Paylaş
MANİSA birbiri arkasına sanayi bölgelerini devreye sokarken; maalesef şehirde konut yetersizliği hat safhaya tırmandı. Yeni imar alanlarının zamanında açılmaması nedeniyle kiralık ve satılık konut fiyatları İzmir, İstanbul ve Ankara ile yarışır hale geldi. Avrupa’nın en iyi, en yatırım yapılabilir bölge olma gururunu taşıyan MOSB ve yeni gelişen diğer bölgeler; maalesef çalışan ve işveren açısından oldukça sıkıntılı. Özellikle servis araçlarıyla İzmir’den getirilen işgücünün maliyeti de hatırı sayılır miktarda.
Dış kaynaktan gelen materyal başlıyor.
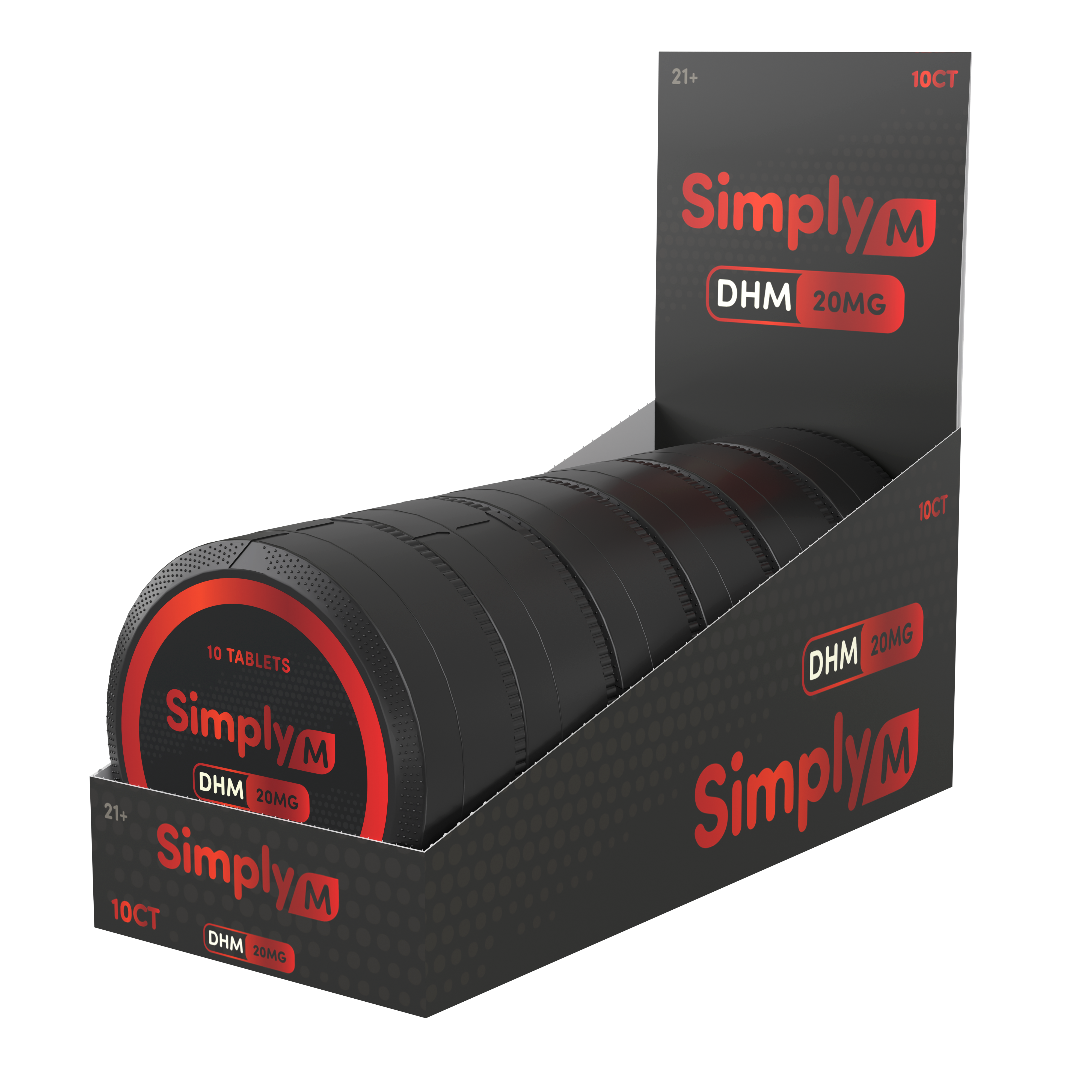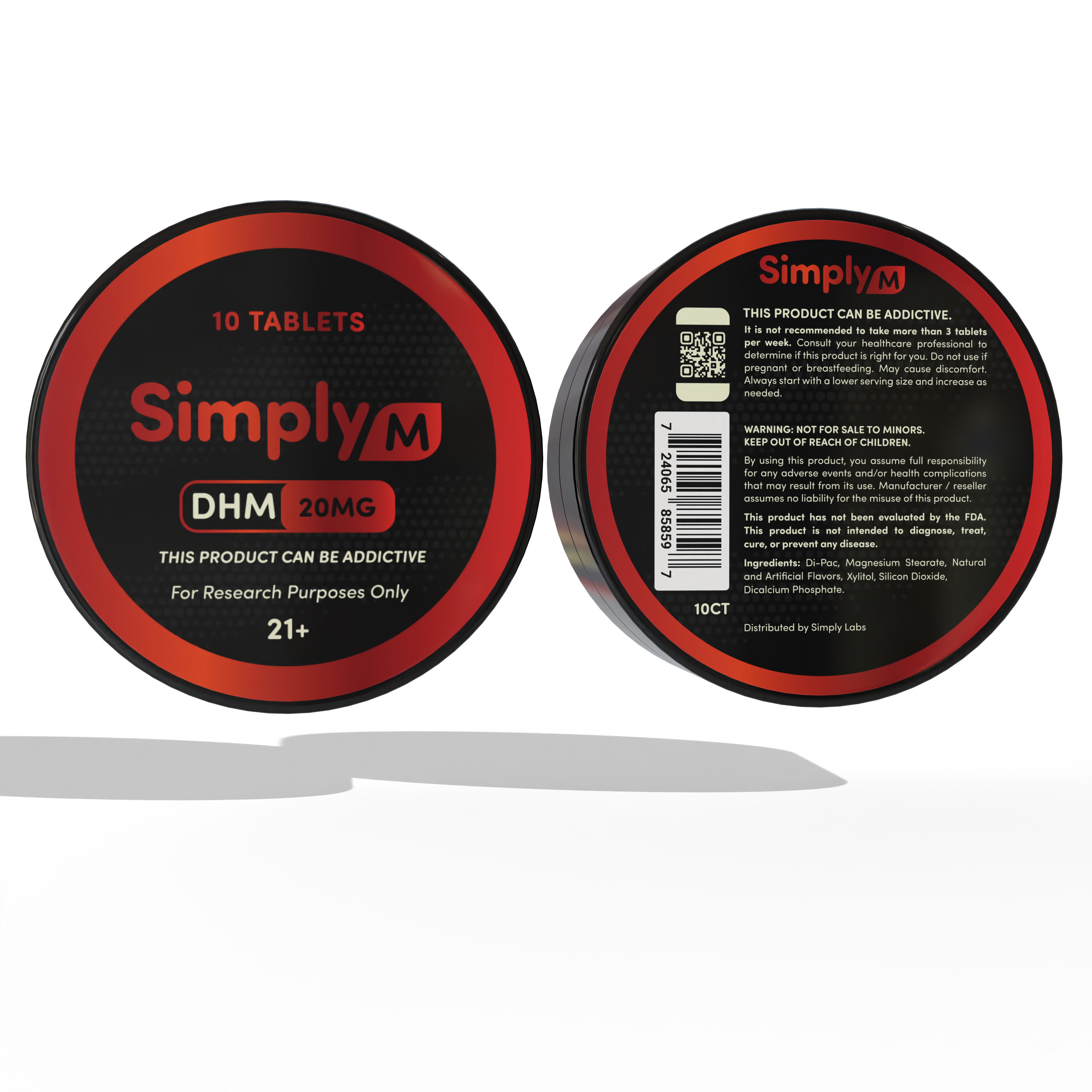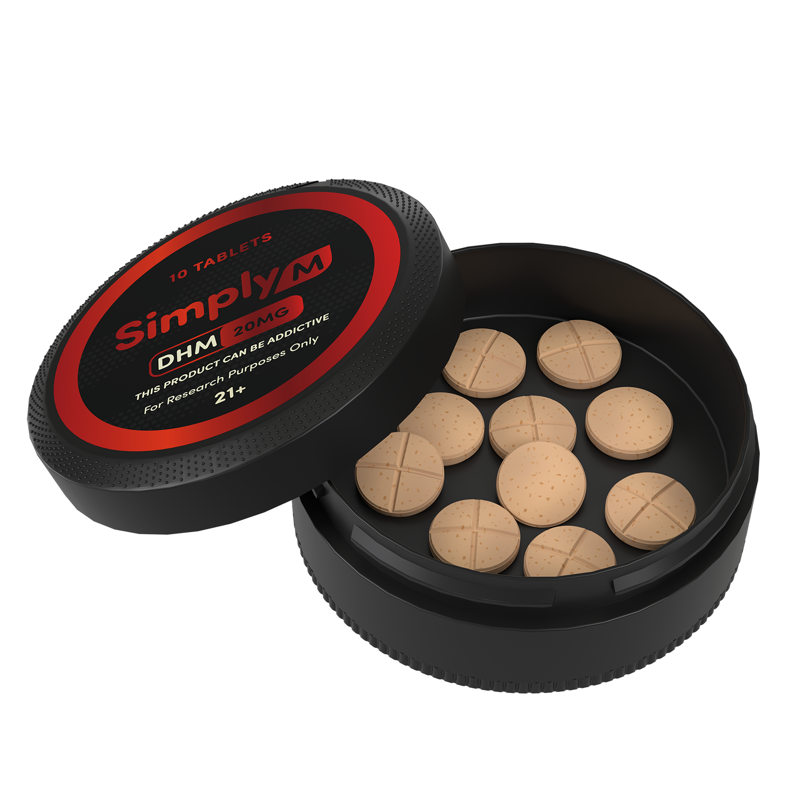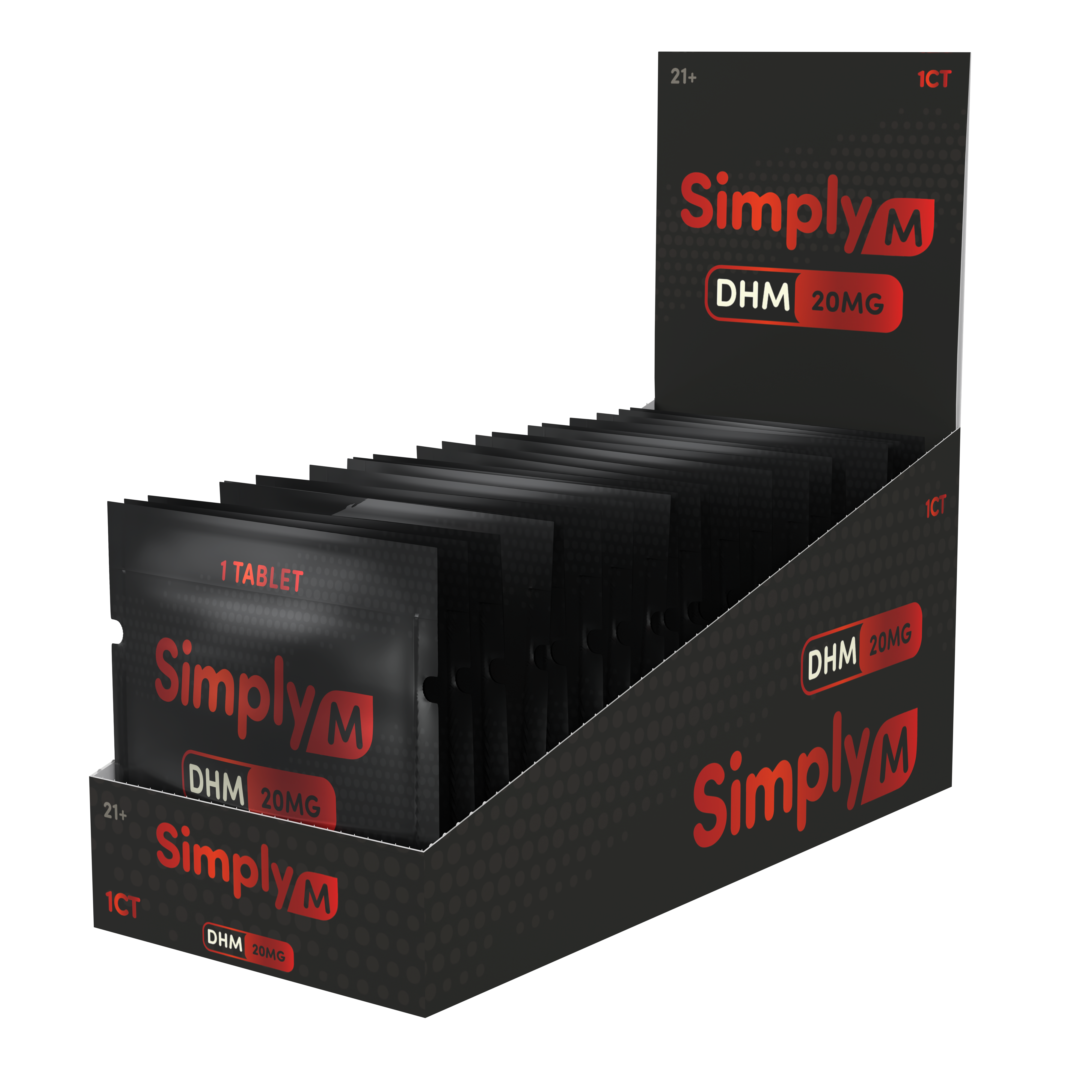 Each tablet contains 20mg of DHM (dihydro mitragynine) and comes in single packs, 3-count pouches, and 10-count pucks. Simply M contains zero 7-OH and no banned substances, making it fully legal anywhere kratom is allowed.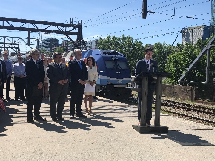 Prime Minister Justin Trudeau was in Montreal Thursday morning to announce a $1.28-billion commitment for a rail project that will connect the city to its suburbs and to its international airport.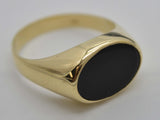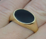 Real Solid 14K Yellow Gold Oval Close Black Enamel Shiny Signet 5.3gr Ring
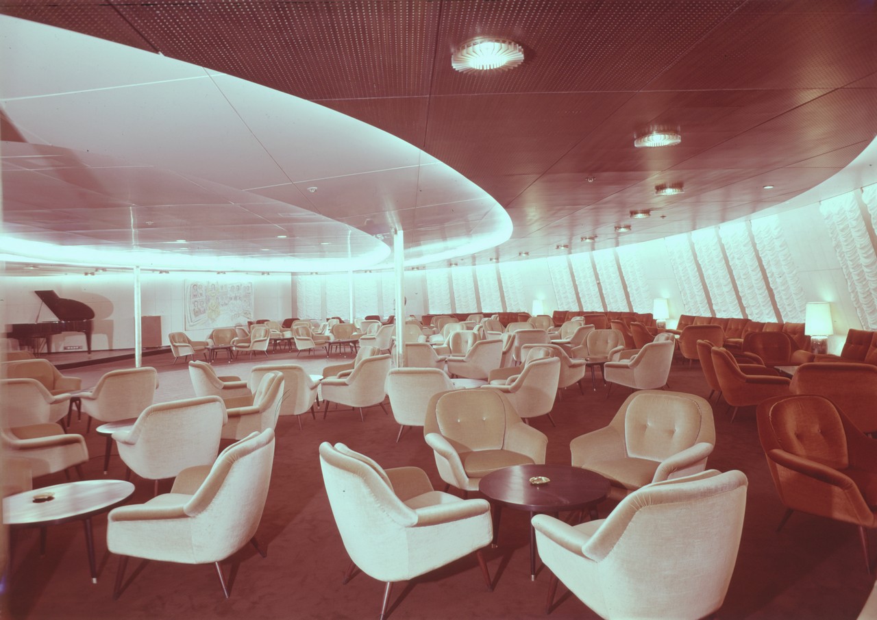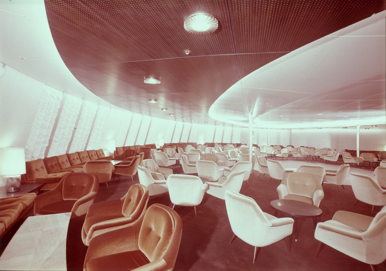 Il progetto di Zoncada si basava sulla continuità decorativa, tutti i saloni furono realizzati su una precisa gamma cromatica in accordo con il nome delle sale: Ambra, Opale, Rubino e Turchese. Il locale più importante era la sala delle feste di prima classe (Ambra) che seguiva lo sviluppo curvo del frontale della nave, arredata con poltrone di velluto color ambra e beige, il pavimento era rivestito in moquette in lana color marrone testa di moro mentre sulle pareti erano esposte due opere su tela di Massimo Campigli. Per tutti gli altri saloni, Zoncada si affidò ad artisti con cui aveva consolidata esperienza: Massimo Campigli e i genovesi: Emanuele Luzzati, Oscar Saccorotti, Giovanni Solari, Luigi Spacal, Enrico Paulucci, Pino Casarini e Ferruccio Quaia.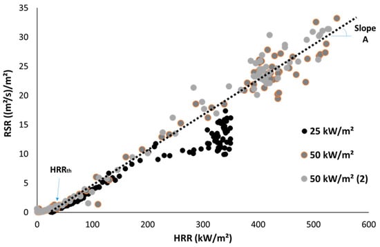 From the linear part of the curve RSR = f(HRR), two parameters can be calculated. The first one is called A (m2/kJ) and represents the increase in RSR per HRR unit. The second one is called HRRth, i.e., HRR threshold, and represents the minimum value of HRR for which RSR starts to increase. RSR is defined from HRR using Equation (3).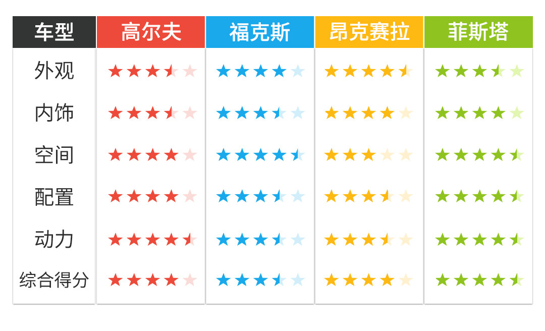 就上述的几款车型而言,教授的第一目标肯定是高尔夫或昂克赛拉,前者有着出色的底盘质感和成熟的动力总成,后者有着精准的操控表现和“人马合一”的驾驶魅力。但回归理性,考虑到未来要为家庭添置一辆实用性较强的轿车,有着配置和空间优势的菲斯塔也许会是一个不错的选择。至于福克斯,除了驾驶乐趣外,终端优惠如果再给力点也许更能刺激消费者的购买欲望。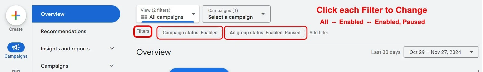 Also, shows how to look at other Campaigns in your Google Ads account.
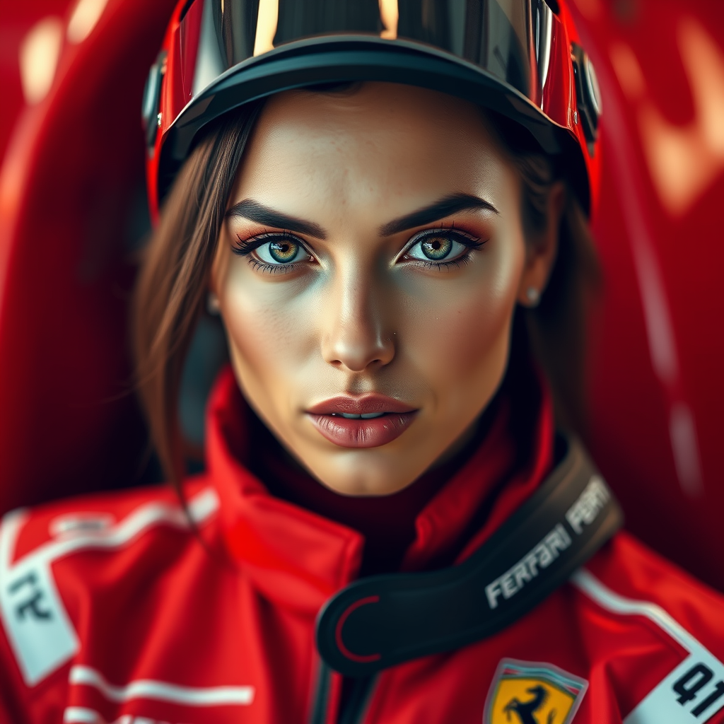 Stunning woman dressed in sleek F1 racing gear, embodying the essence of high-speed thrills, associated with Ferrari. Her enchanting gaze meets the viewer, capturing attention in a breathtaking portrait. The photograph showcases her incredibly detailed and realistic skin, with an 8k ultra-clear and finely detailed full-body shot. Utilizing high-detail RAW color artistry, her look is enhanced by subtle piercings, enveloped in a soft, diffused light with cinematic, CGI-style lighting. The shallow depth of field and sharp focus bring out a hyperrealistic quality, as if she stepped out of a movie, creating an immersive and captivating visual experience.

Dünyanın bugün içinde bulunduğu rekabetçi ortamda bu maliyetler, tolere edilebilir oranları çoktan aşmış durumda.
Manisa’ya yatırım yapan sanayici ve işadamlarının ortak sıkıntısı genelde iş yaratmakta değil işçi bulmakta yatıyor. Yatırımcının neredeyse kuyruk oluşturduğu, teşvik politikaları ve coğrafi konumu nedeniyle bölgede bir adım öne geçme imkanı yakalayan Manisa, maalesef kalifiye işgücü bulmakta zorlanıyor. Organize bölgelerin birbiri ardına ortaya çıktığı ve dev fabrikaların neredeyse ‘şehir içinde şehir’ yapısı taşıdığı bölgeye, acil konut yatırımı ve altyapı gerekiyor.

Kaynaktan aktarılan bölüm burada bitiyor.